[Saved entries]
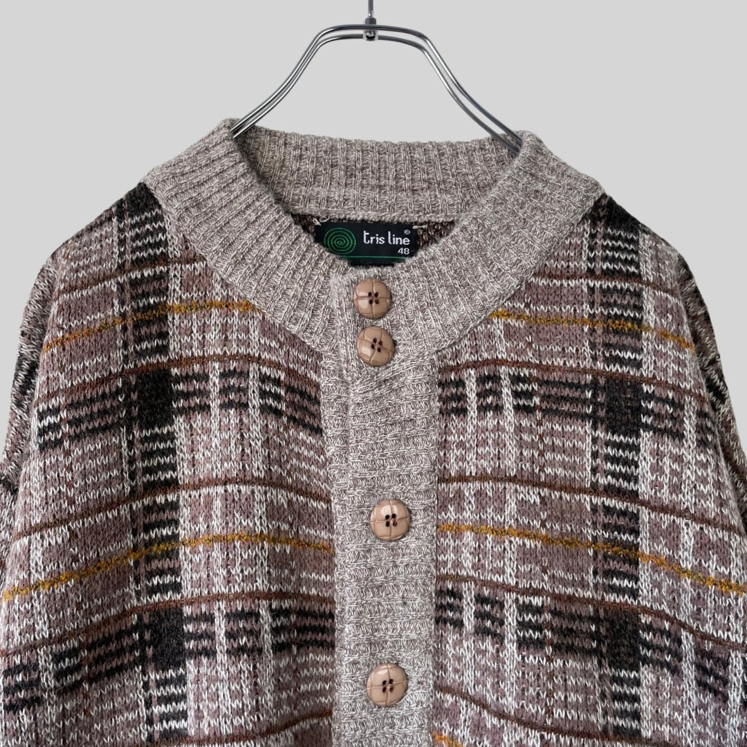 Plaid knit cardigan / 古着 チェック柄 ニットカーディガン
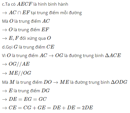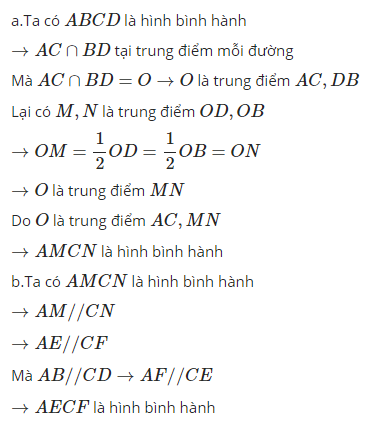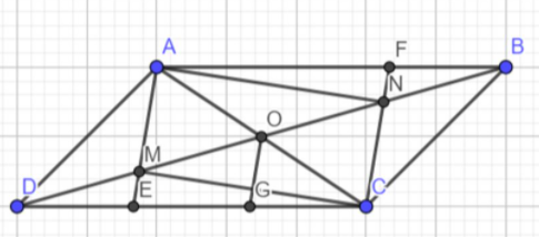 Cho hình bình hành ABCD. Gọi O là giao điểm của 2 đường chéo M,N là trung điểm của OD và OB. Gọi E là giao điểm của AM và CD. F là giao điểm của CN và AB.
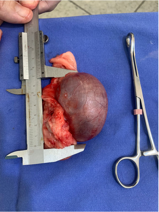 A paciente foi classificada como ASA II, condizente com doença sistêmica leve a moderada e controlada. O protocolo anestésico incluiu acepromazina (0,4 mg, IM) e tramadol (1,6 mg, IM) como medicações pré-anestésicas, seguidos de indução e manutenção anestésica com cetamina e midazolam. A analgesia trans e pós-operatória foi assegurada com tramadol, em conformidade com estratégias de analgesia multimodal. A abordagem cirúrgica consistiu em celiotomia exploratória, realizada por incisão de aproximadamente 8 cm na linha alba, caudalmente à cicatriz umbilical. Os achados intraoperatórios confirmaram a presença de ovário remanescente no antímero direito (Figura 1), envolvido por cisto de grandes dimensões, enquanto o coto uterino encontrava-se aderido à superfície ventral da bexiga. O complexo arteriovenoso ovariano foi ligado com fio absorvível sintético nº 0, e o coto uterino recebeu ligadura transfixante aplicada o mais caudalmente possível, imediatamente cranial à cérvix, seguida de ligadura adicional de segurança. Antes do fechamento da cavidade abdominal, realizou-se lavagem abundante com solução fisiológica aquecida a 0,9% e omentopexia na região do corpo uterino. A síntese ocorreu por três planos: linha alba em padrão simples contínuo com poliglecaprone 25 nº 2-0, subcutâneo em padrão intradérmico com poliglecaprone 25 nº 2-0 e pele em padrão Wolf utilizando fio de nylon nº 3-0.
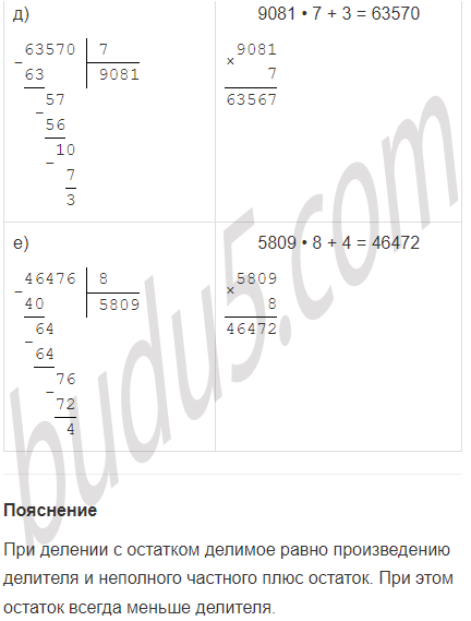 | б) 4764 на 5 | г) 36529 на 6 | е) 46476 на 8 |
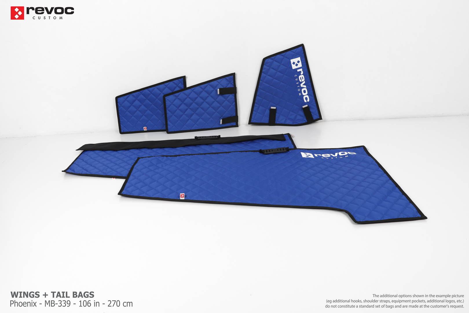 We create custom wing bags especially for you based on your individual order. You can select the colors, add a logo, include the model name on the cover, or choose additional markings and useful options.
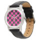 Chequered squares hot pink black geometric retro pattern Fashion Accessory Wrist Watch gift for her. Cool retro chequered geometric square pattern. Vintage tile black and hot pink modern chequered.
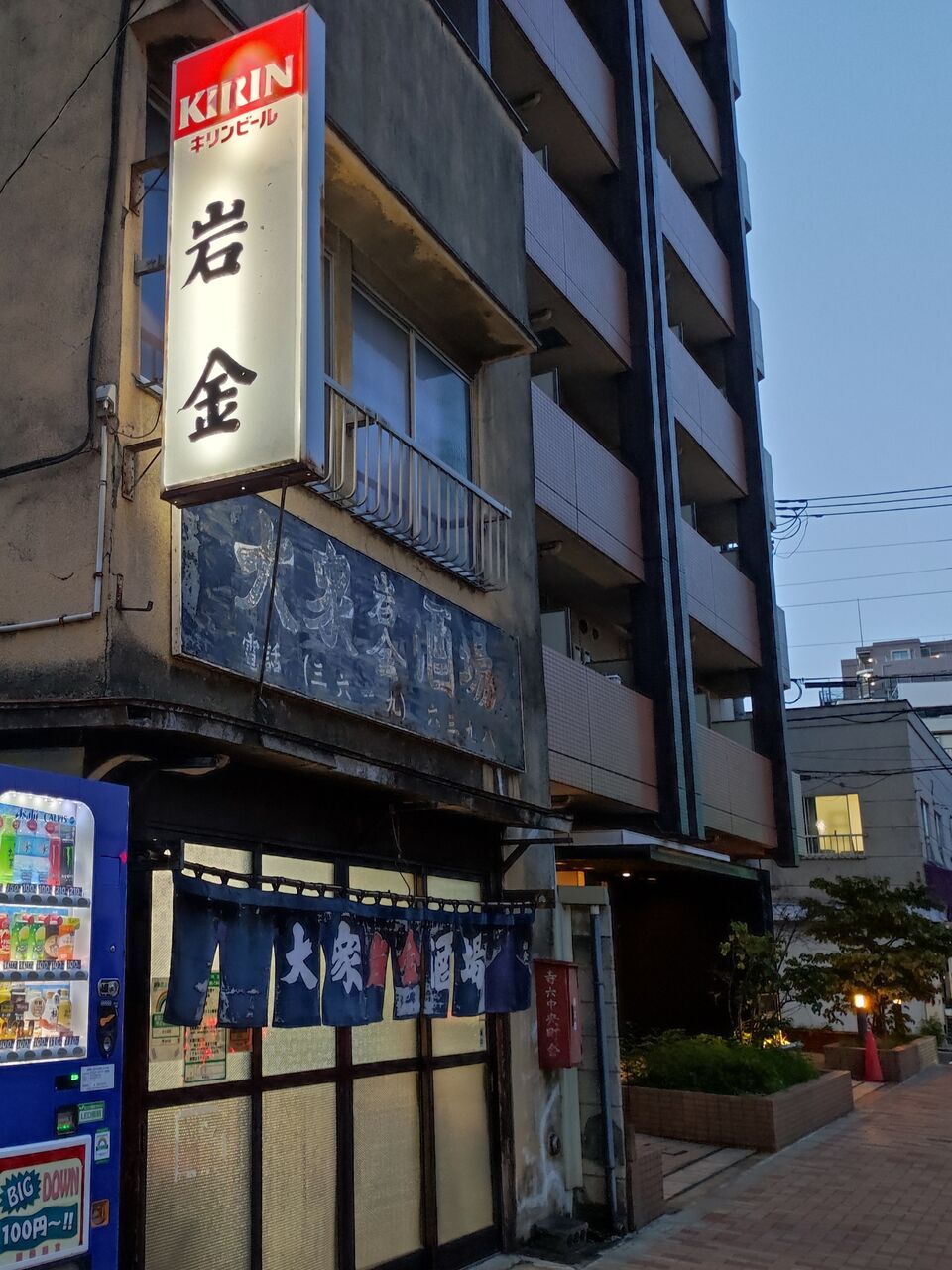 スカイツリーを背に、大きな通りを10分ほど歩く。すると、わー、この店に入りたい!この店で飲みたい!と思わせる、古びてはいるが貫禄十分の建物が見えてくる。ここ、ここ。ハイボール飲みたいよー。はやる気持ちを抑えて引き戸を開ける。「いらっしゃい!」・・・入口右手の壁沿いにテーブルが3つ。奥から2つは埋まっている。左手カウンターは入口に並行している短い辺が4席。若いご夫婦が座っている。奥に伸びる長い辺は7、8席。6人くらいが座っている。
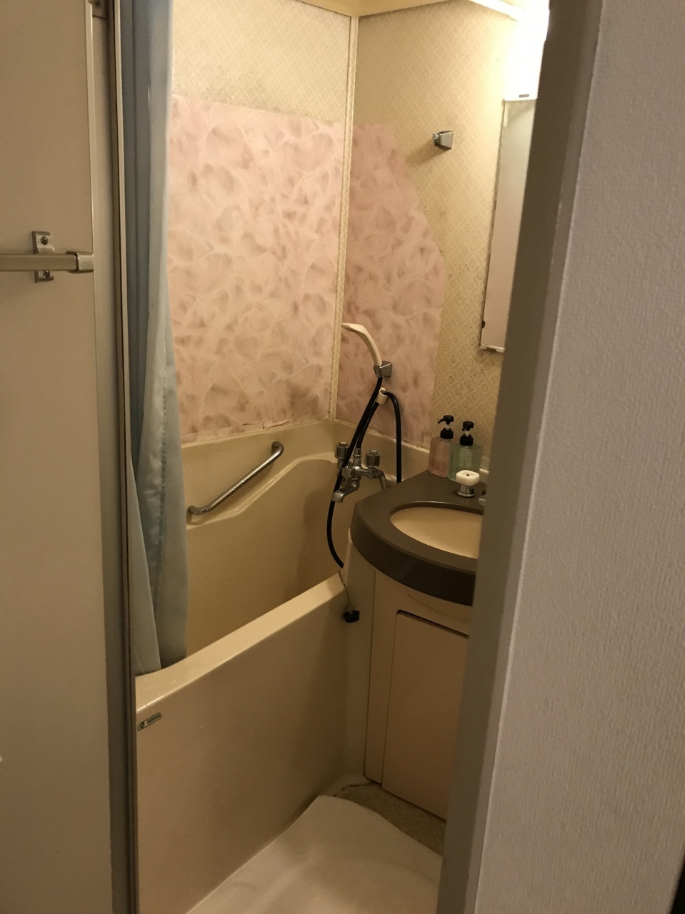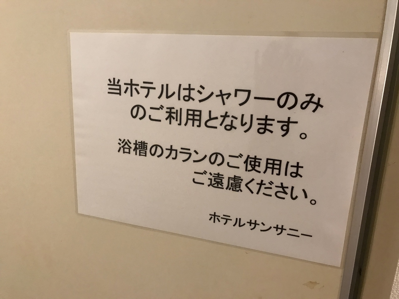 ユニットバスで、「浴槽に湯を張るな。シャワーのみ使用」の表示。

# What this task involves
Without the pictures, repeat exactly the lines running from the line containing "46476 на 8 |" through the end of the data, both ends included.

# Output below
 | б) 4764 на 5 | г) 36529 на 6 | е) 46476 на 8 |
 We create custom wing bags especially for you based on your individual order. You can select the colors, add a logo, include the model name on the cover, or choose additional markings and useful options.
 Chequered squares hot pink black geometric retro pattern Fashion Accessory Wrist Watch gift for her. Cool retro chequered geometric square pattern. Vintage tile black and hot pink modern chequered.
 スカイツリーを背に、大きな通りを10分ほど歩く。すると、わー、この店に入りたい!この店で飲みたい!と思わせる、古びてはいるが貫禄十分の建物が見えてくる。ここ、ここ。ハイボール飲みたいよー。はやる気持ちを抑えて引き戸を開ける。「いらっしゃい!」・・・入口右手の壁沿いにテーブルが3つ。奥から2つは埋まっている。左手カウンターは入口に並行している短い辺が4席。若いご夫婦が座っている。奥に伸びる長い辺は7、8席。6人くらいが座っている。
 ユニットバスで、「浴槽に湯を張るな。シャワーのみ使用」の表示。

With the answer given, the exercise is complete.